Ne consegue che il valore sociale delle vaccinazioni si riflette sia sul singolo individuo sia sulla collettività. Per la maggior parte delle malattie, ottenere elevate coperture vaccinali permette infatti di contenere la circolazione del microrganismo responsabile e, conseguentemente, garantisce una protezione alla comunità, cioè anche ai non vaccinati. L’impatto sulla salute della popolazione risulta dunque notevole in termini di contenimento dei danni della malattia o delle sue complicanze (morbosità, mortalità, ricorso a cure mediche, ospedalizzazioni) e di riduzione dei costi sia diretti che indiretti.

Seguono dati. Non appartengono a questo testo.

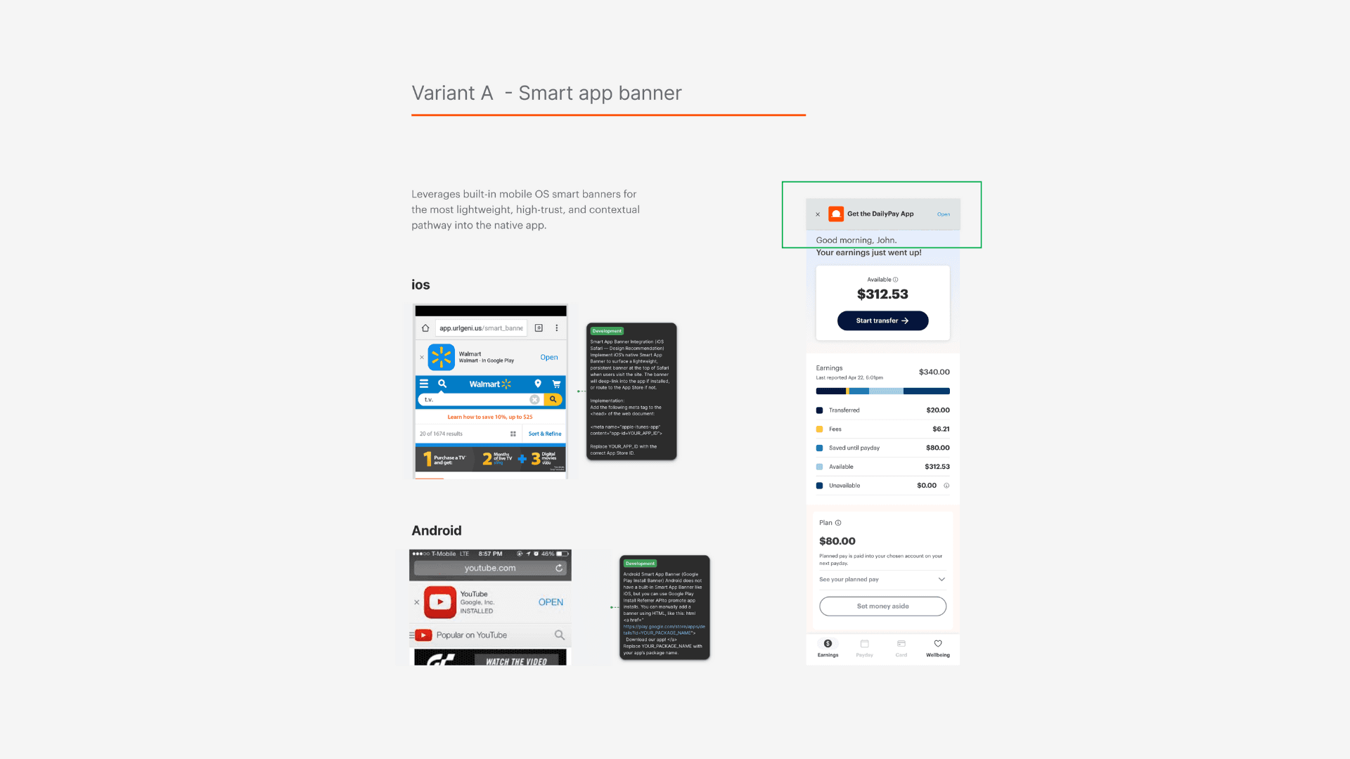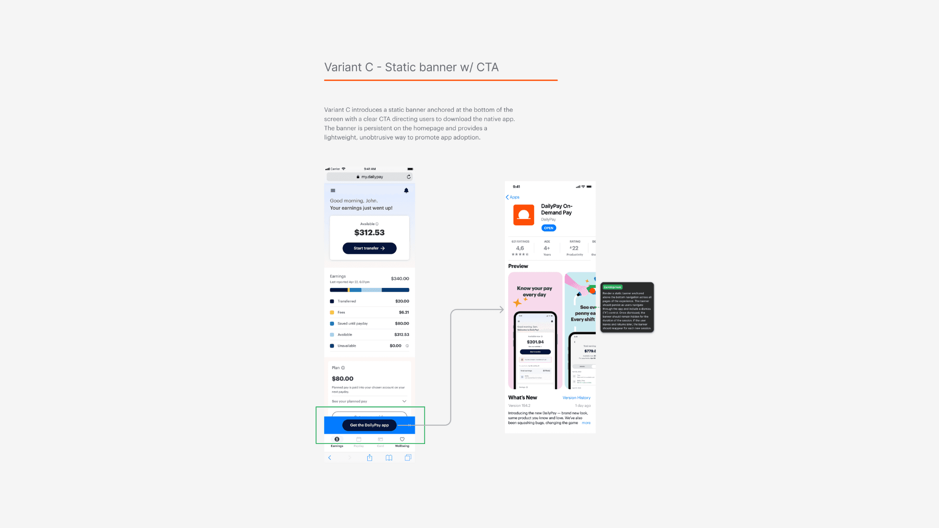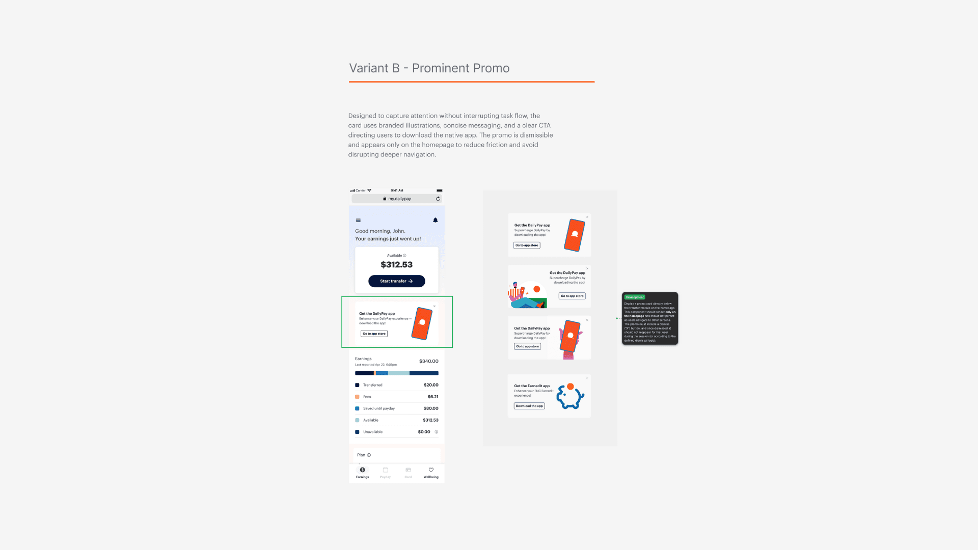 DailyPay’s native mobile app consistently outperforms mobile web across engagement, retention, and monetization. To increase the share of users accessing DailyPay through the app, I launched an ABCD experiment to evaluate which in-web promotional surface most effectively drives users to download and activate the native app.

In conclusione, si può sostenere che il rapporto tra benefici e rischi è ancora vantaggio della raccomandazione a vaccinarsi. Questa affermazione ha una sua valenza a prescindere dall’attuale pandemia o comunque ha, come abbiamo visto, molte tesi a sostegno e alcune, occorre dirlo, in favore dei no-vax. Quando però il vaccino è l’unica arma a disposizione, è necessario adeguarsi tutti.

Non possiamo pensare di uscire dalla pandemia Covid-19 se non in un’ottica collettiva. Dobbiamo ricordare che molte delle varianti più preoccupanti, quella brasiliana, quella indiana e quella sudafricana, sono nate in Paesi con meno risorse e, dunque, è fondamentale vaccinare e condividere i vaccini anche con il Paesi più poveri. Fornire loro i vaccini non significa toglierli al proprio: la domanda, infatti, fa capo a produttori differenti per gli uni e per gli altri Paesi. La scienza medica e la politica sanitaria sono chiamate anche alla sfida di saper informare/persuadere correttamente in modo tale che i singoli e la collettività apprezzino consapevolmente i vantaggi della vaccinazione e i suoi riflessi sulla salute individuale e sociale. In termini generali, la riduzione delle disuguaglianze in salute non ha solo un significato etico ma presenta anche un risvolto economico: i costi della malattia, della disabilità e della morte prematura, rappresentano infatti degli enormi ostacoli allo sviluppo e al benessere della società.

Dobbiamo perciò unire l’impegno etico e, dunque, la solidarietà globale, a un discorso di sicurezza. La sicurezza che non può prescindere da una condivisione dei vaccini per raggiungere il risultato più importante: l’immunizzazione globale.